Could you retype every line below exactly, omitting the images?

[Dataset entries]
——————————

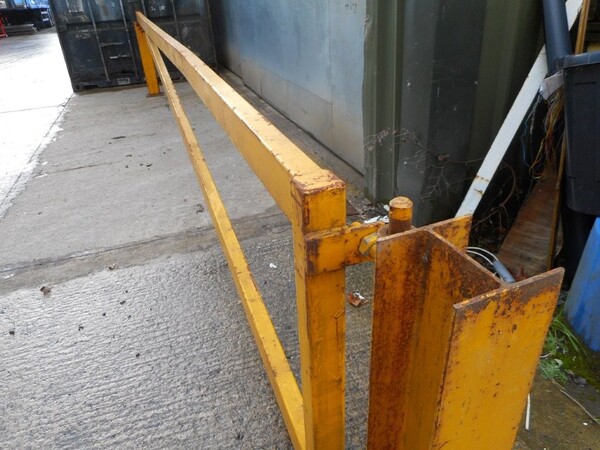 The barrier arm without posts is 6.710mtr long and is made from 120mm x 60mm steel box section painted yellow.
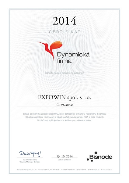 vor allem dank Ihnen und Ihrer Zufriedenheit haben wir die Würdigung „DYNAMISCHE FIRMA“ erhalten. Das bedeutet, dass ExpoWin spol. s r. o. eine vertrauenswürdige, erfolgreiche Firma ist, die zu den elitären Gesellschaften auf unserem Markt gehört.
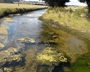 Is a taxon of green algae that likes clear eutrophic water and has become a pest in New Zealand. Mats of this noxious aquatic algae can form extensive mats that clog stream flow and deplete oxygen levels through respiration at night time. As the mat grows the top layer can die and decay causing further depletion of stream oxygen levels. Water net is commonly found in open stream environments that lack riparian cover.
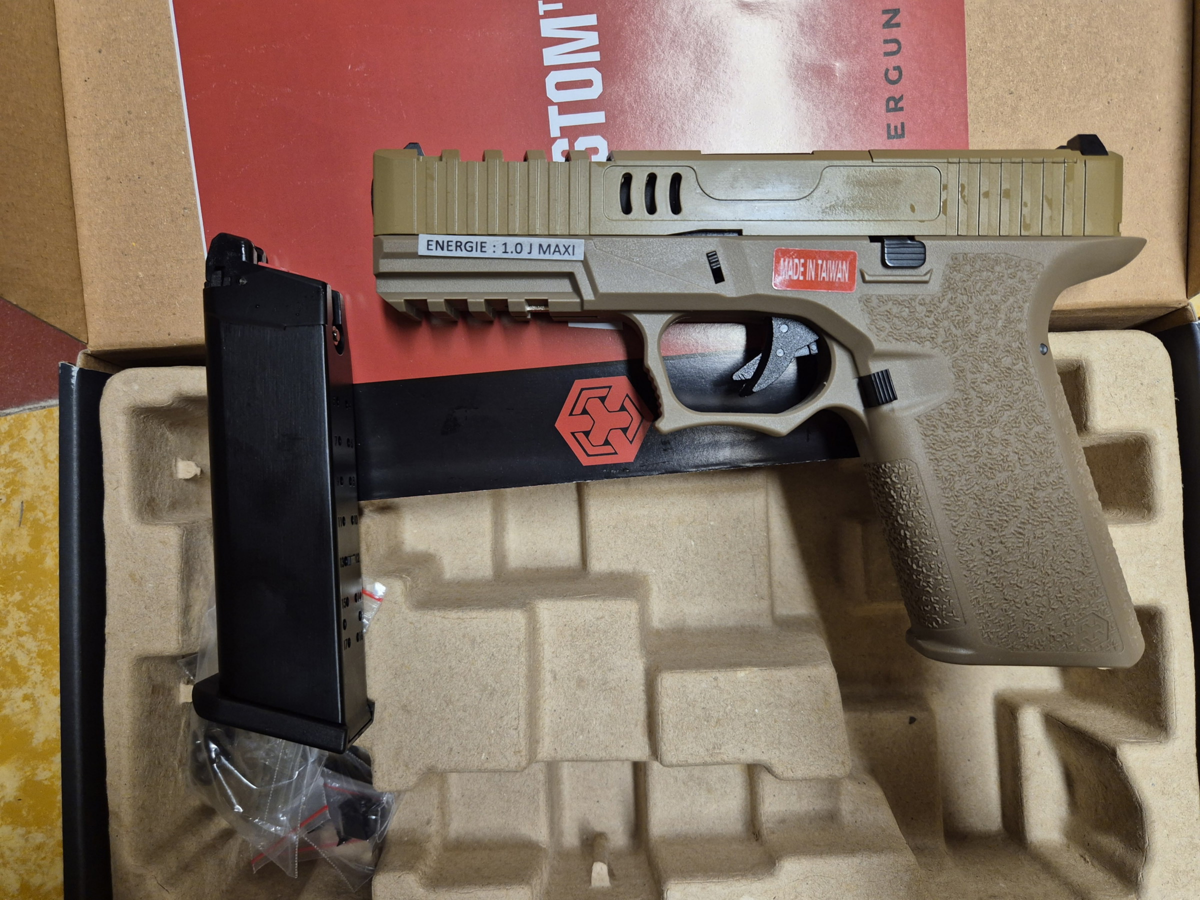 Description: modèle qui reprend la forme d'un Glock, totalement customisé et repensé par AW Custom avec plaque pour etre un rmr, replique totalement neuve avec son mag d'origine culasse metal tres bon kick
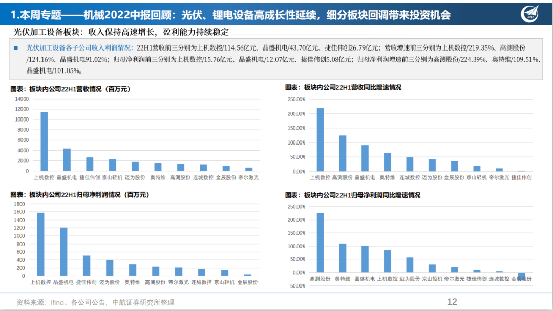 证券研究报告名称:机械设备2022中报回顾:光伏、锂电设备高成长性延续,细分板块回调带来投资机会

——————————

= Solved exercise =
 The barrier arm without posts is 6.710mtr long and is made from 120mm x 60mm steel box section painted yellow.
 vor allem dank Ihnen und Ihrer Zufriedenheit haben wir die Würdigung „DYNAMISCHE FIRMA“ erhalten. Das bedeutet, dass ExpoWin spol. s r. o. eine vertrauenswürdige, erfolgreiche Firma ist, die zu den elitären Gesellschaften auf unserem Markt gehört.
 Is a taxon of green algae that likes clear eutrophic water and has become a pest in New Zealand. Mats of this noxious aquatic algae can form extensive mats that clog stream flow and deplete oxygen levels through respiration at night time. As the mat grows the top layer can die and decay causing further depletion of stream oxygen levels. Water net is commonly found in open stream environments that lack riparian cover.
 Description: modèle qui reprend la forme d'un Glock, totalement customisé et repensé par AW Custom avec plaque pour etre un rmr, replique totalement neuve avec son mag d'origine culasse metal tres bon kick
 证券研究报告名称:机械设备2022中报回顾:光伏、锂电设备高成长性延续,细分板块回调带来投资机会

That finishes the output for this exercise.